---
layout: page
title: "An example RFC"
date: 2013-12-29 10:51
comments: true
sharing: true
footer: true
---

_This is an example of an ADAM RFC. It is meant to demonstrate
syntax of an RFC as well as example headings and structure.
You can [view the source for this RFC online](https://raw.github.com/bigdatagenomics/bigdatagenomics.github.io/source/source/rfc/1/index.markdown)._

### Schema

The following schema defines how to store 
[FASTA formatted data](http://en.wikipedia.org/wiki/FASTA_format)
in ADAM. The following schema captures all FASTA content.

```c
record ADAMFastaFragment {
    union {null, string } description = null;
    union {null, long } start = null;
    union {null, long } end = null;
    union {null, string } sequence = null;
}
```

All fields are optional and default to `null`. 
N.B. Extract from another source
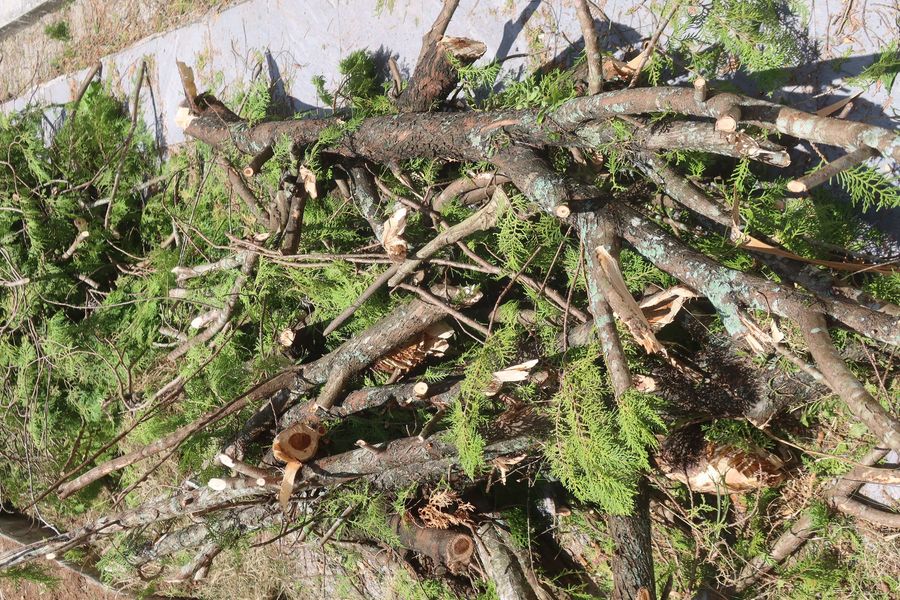 ส่วนใหญ่ขนส่งรถขยะไปแล้ว เหลือบางท่อนค้างอยู่
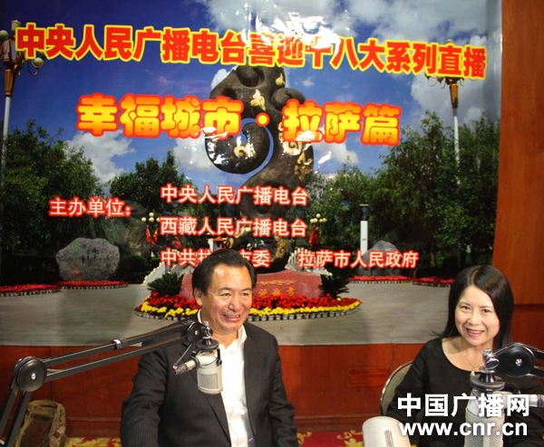 拉薩市委副書記、市長多吉次珠與西藏電臺主持人文心在直播間

### Performance Considerations

The `end` field can be elided as it can be inferred from the `start` and `sequence` length.
However, for performance, a pushdown predicate on the start and end position would be
faster than materializing the sequence.

### Predicates

A commonly used predicate would be to find all sequences with a specific description that
`start` and `end` within a specified range.

### Common Operations

1. Reading the entire sequence
2. Reading a portion of the sequence that falls in a specified range.

### Open Questions

1. Should we require that the `end` field is always specified for performance?
2. Should we break up the description into the superset of all sequence identifiers?

### Filename extension

Once coverted to ADAM, the file extension will be `.fasta.adam`.